- **About this task**
Only the lines from the one with "Home Hero 44" through the end of the data below belong in the answer, restated word for word, pictures excluded.

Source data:
====
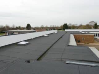 Approved Contractor NRA Roofing began the 3000 sqm roof refurbishment by isolating the wet roof areas and stripping this back before reinstating the roof to existing levels. The roofs were overlaid with new cut to falls insulation to provide a significant thermal upgrade to the school and eradicate the existing standing water issues.
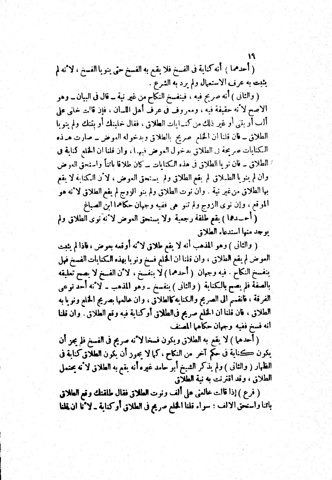 أنه صريح فيه، فينفسخ النكاح من غير نية - قال في البيان - وهو الاصح لانه حقيقة فيه، ومعروف في عرف أهل اللسان، فإن قالت خلنى على ألف أو بتنى أو غير ذلك من كنايات الطلاق، فقال خليتك أو بتتك ولم ينويا
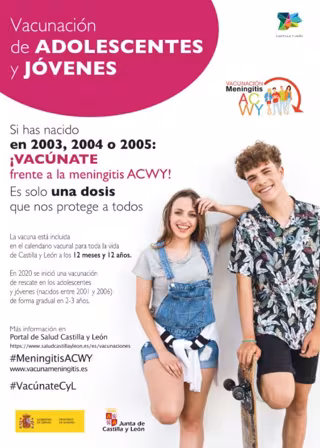 Sacyl ha llamado a vacunarse frente al meningococo ACWY a adolescentes y jóvenes nacidos entre los años 2003, 2004 y 2005, que está incluida desde enero de 2019 en el Calendario Vacunal para toda la vida de Castilla y León.
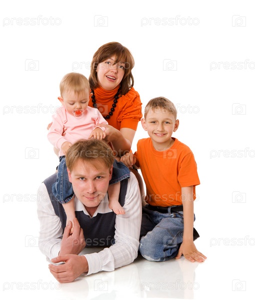 Счастливая семья с двумя детьми позируют вместе, изолированные на белом фоне
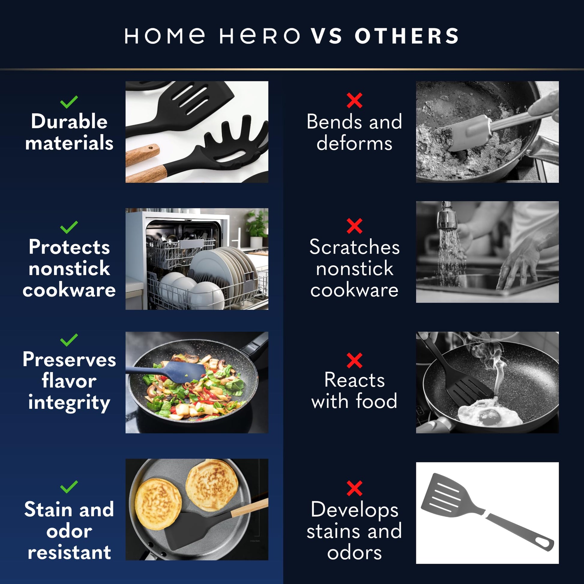 Home Hero 44 Pcs Silicone Kitchen Utensils Set, Non-Stick Silicone Cooking Utensils Set with Spatula, Wooden Handle Spatula, Silicone Kitchen Gadgets Utensil Set (44 Pcs - Black)
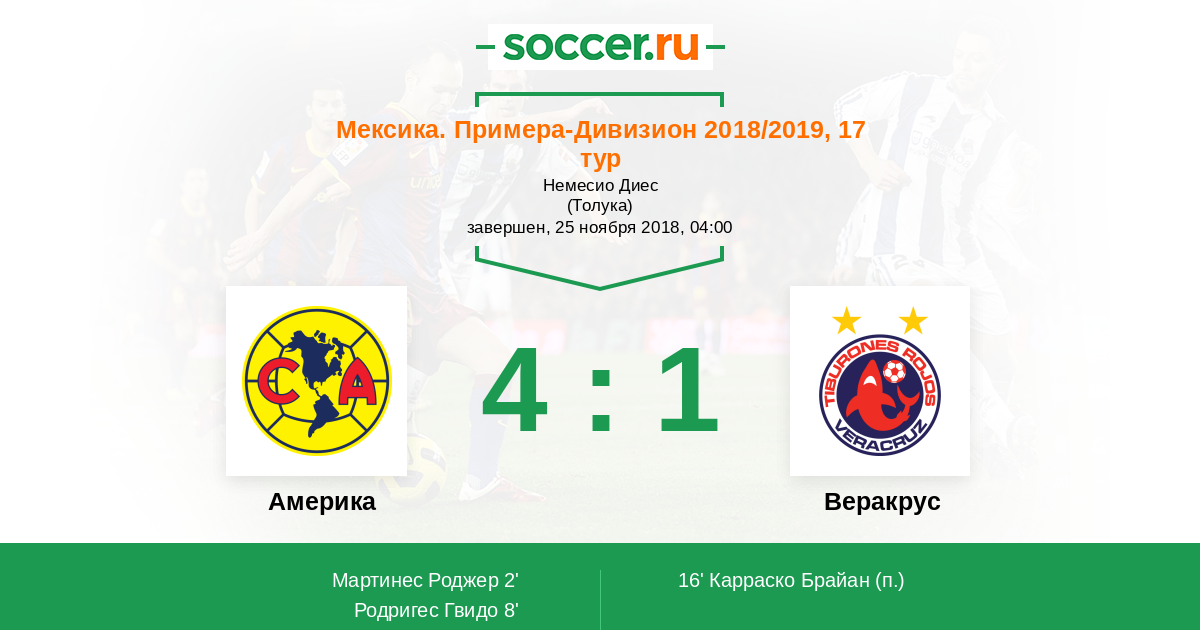 Америка - Веракрус: обзор матча 25 ноября 2018
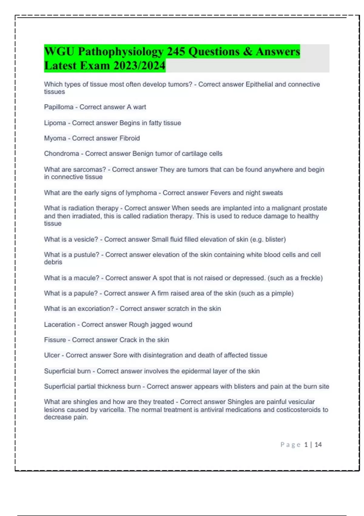 WGU Pathophysiology 245 Questions & Answers Latest Exam 2023/2024WGU Pathophysiology 245 Questions & Answers Latest Exam 2023/2024
====
- **Answer**
 Home Hero 44 Pcs Silicone Kitchen Utensils Set, Non-Stick Silicone Cooking Utensils Set with Spatula, Wooden Handle Spatula, Silicone Kitchen Gadgets Utensil Set (44 Pcs - Black)
 Америка - Веракрус: обзор матча 25 ноября 2018
 WGU Pathophysiology 245 Questions & Answers Latest Exam 2023/2024WGU Pathophysiology 245 Questions & Answers Latest Exam 2023/2024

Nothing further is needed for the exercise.